Directions » I need the lines from the one containing "标间 2间,亲子间 3间,大床 5间。" through the last line of the entries retyped exactly, with no pictures among them.

Records drawn from a dataset:
<<<<
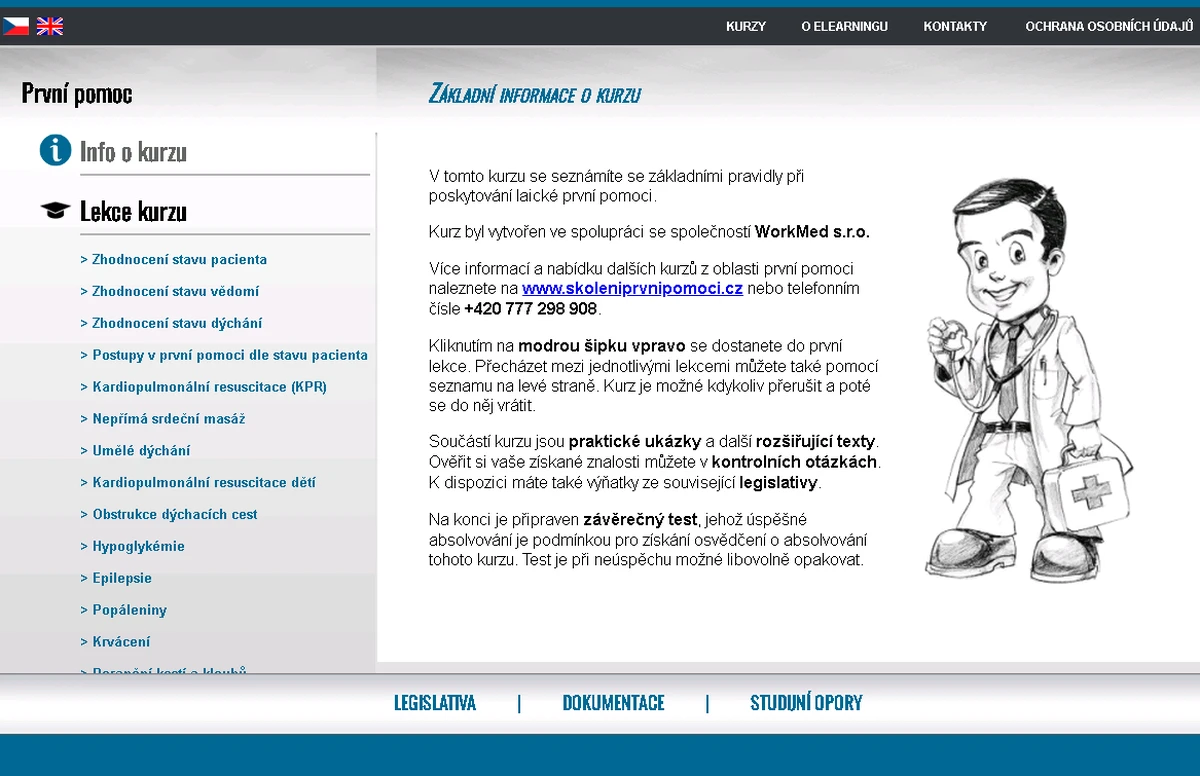Kurz Vám zabere zhruba dvě hodiny času. Můžete od něj přitom kdykoli odejít a zase se k němu vrátit a pokračovat tam, kde jste skončili. Nijak tedy nezasáhne do Vašich povinností a denního režimu. V kurzu se seznámíte se základními pravidly při poskytování laické první pomoci. Součástí kurzu jsou praktické videoukázky a další rozšiřující texty. K dispozici máte také výňatky ze související legislativy. Doplňující materiály jsou stručné a videa jsou velmi krátká, což má výhodu v tom, že Vás nezačnou nudit a budete jim věnovat plnou pozornost. Ověřit si vaše získané znalosti můžete v kontrolních otázkách. Tyto otázky se pak objevují v závěrečném testu, který obsahuje deset otázek a je možné ho libovolně opakovat. Závěrečný test není náročný, zvláště pokud si vyzkoušíte kontrolní otázky. Pro úspěšné absolvování je podmínkou správné zodpovězení alespoň osmi otázek. Poté Vám na zadaný e-mail přijde osvědčení o absolvování tohoto kurzu. Závěrečný test není v tomto kurzu nic, z čeho byste měli mít strach, a to vzhledem k jeho opakovatelnosti – je to spíše o tom, že si prověříte své znalosti získané v kurzu.
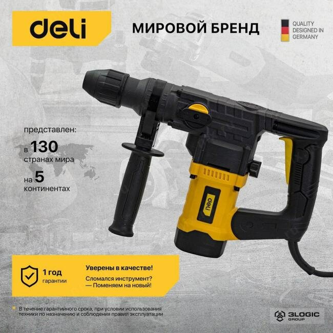 Перфоратор Deli Tools Deli DL-DC28-E1 (1050Вт, SDS PLUS, 4300уд/мин, 900об/мин, кейс, в комплекте 3 бура, долото, пика) интересное:
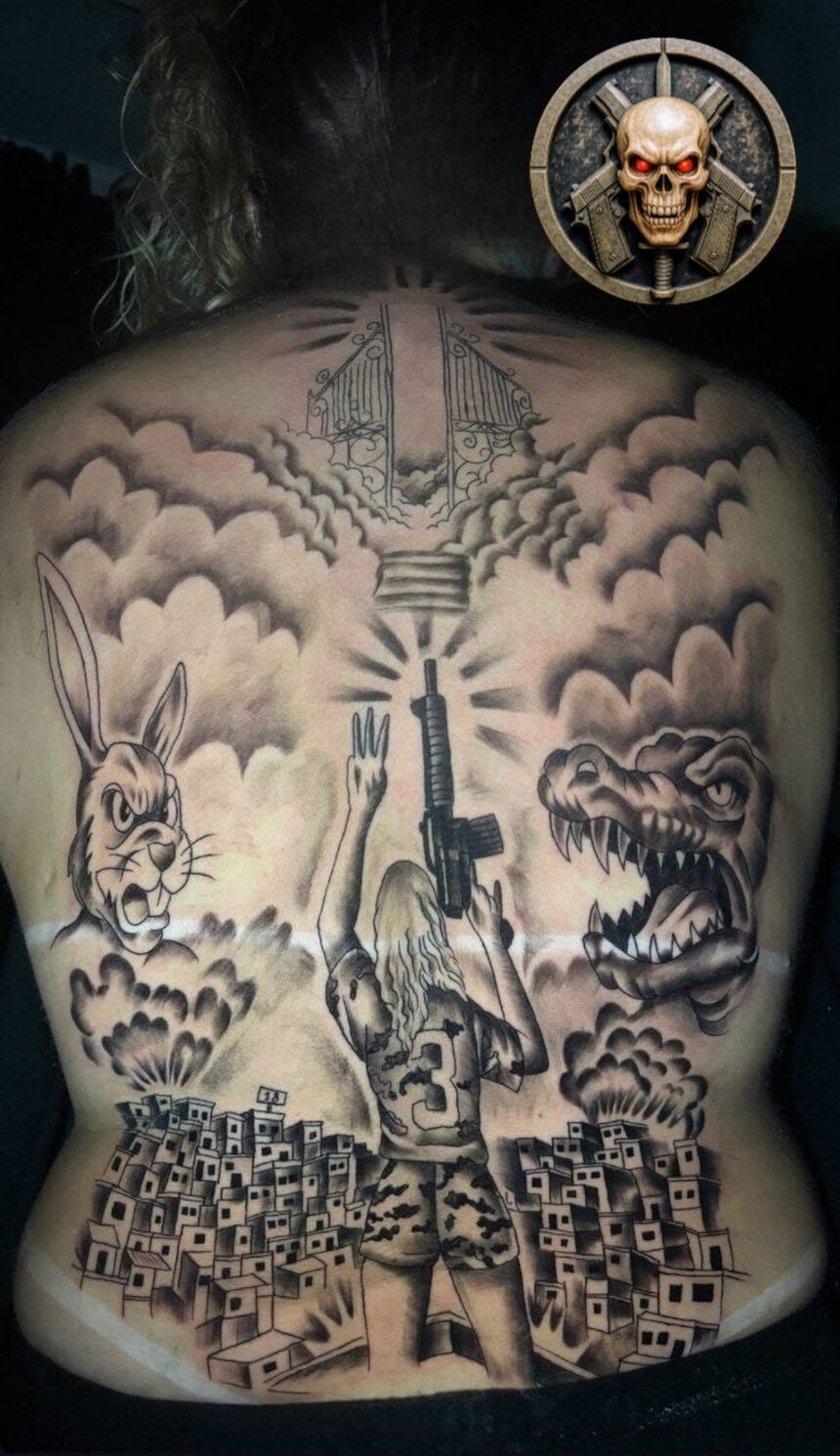 A tatuagem nas costas reforçava essa posição: a imagem mostrava uma mulher armada, fazendo o número três em referência ao TCP, além de um coelho, em homenagem a William Yvens da Silva, o Coelhão, e um jacaré, que representava Wallace de Brito Trindade, o Lacoste, ambos chefes do TCP, e alvos da operação policial desta terça-feira.
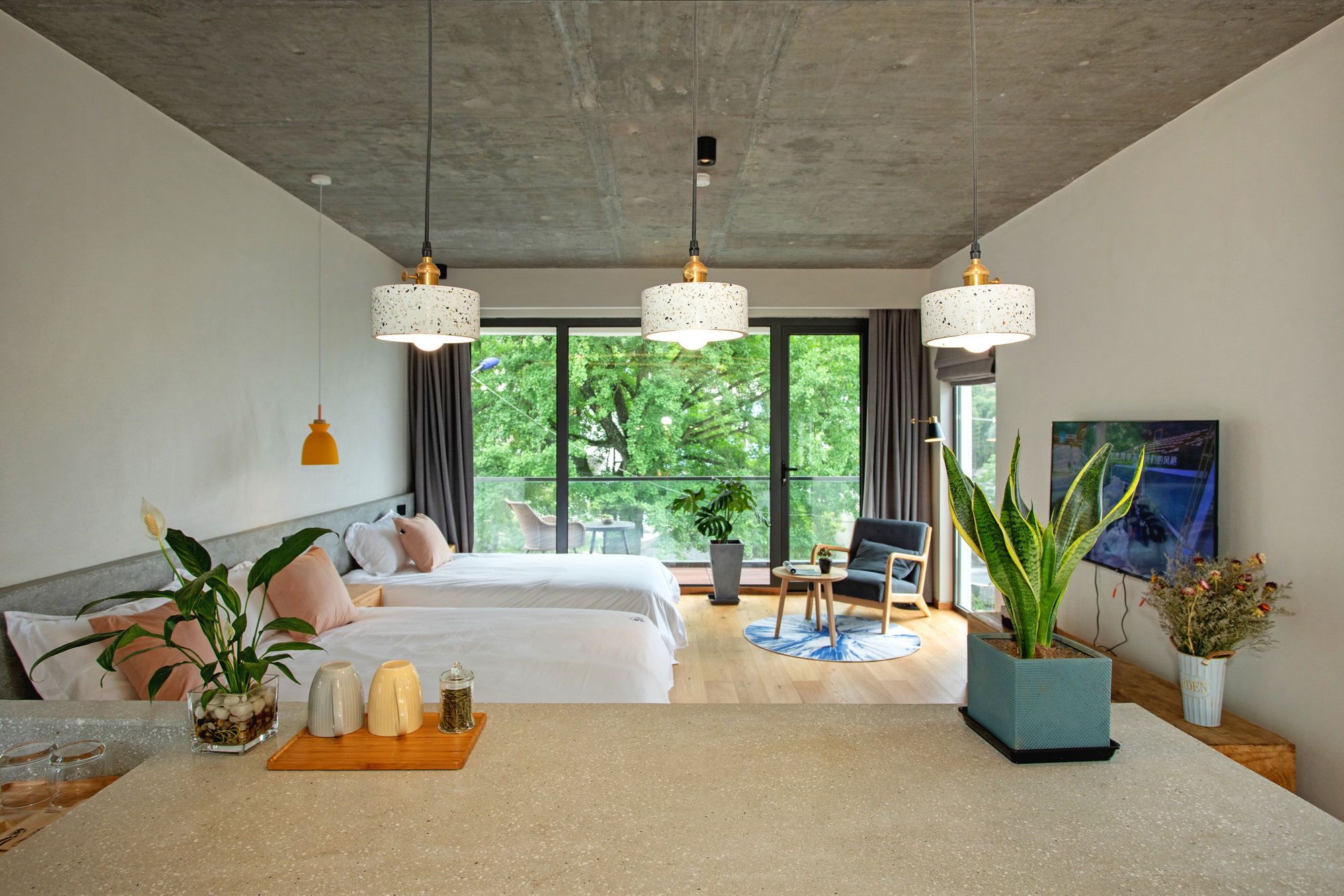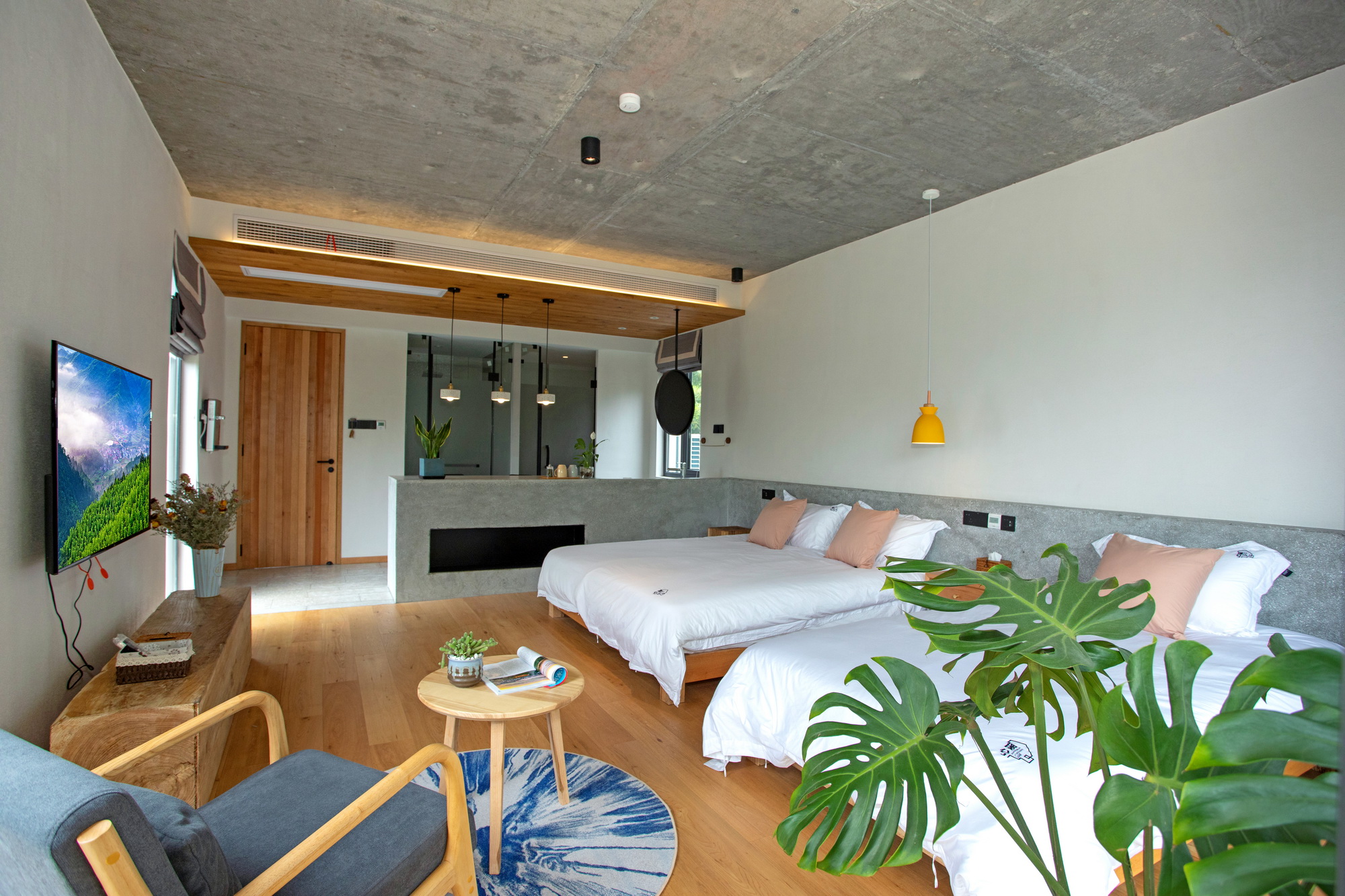 标间 2间,亲子间 3间,大床 5间。
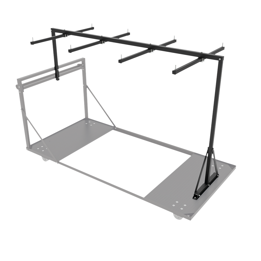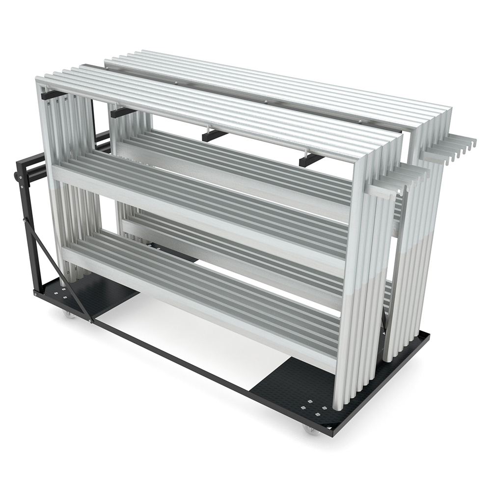 The Showgear Guard Rail Holder for Mammoth Transport Trolley is an extension to the Mammoth Transport Trolley for 10x Mammoth Stage/Dex that can hold any type of Mammoth Dex Guard Rail. It can hold up to 12 Guard Rails 2 m or 24 Guard Rails 1 m. It is also suitable for the Mammoth Dex XS guard rails.
>>>>
Task response »
 标间 2间,亲子间 3间,大床 5间。
 The Showgear Guard Rail Holder for Mammoth Transport Trolley is an extension to the Mammoth Transport Trolley for 10x Mammoth Stage/Dex that can hold any type of Mammoth Dex Guard Rail. It can hold up to 12 Guard Rails 2 m or 24 Guard Rails 1 m. It is also suitable for the Mammoth Dex XS guard rails.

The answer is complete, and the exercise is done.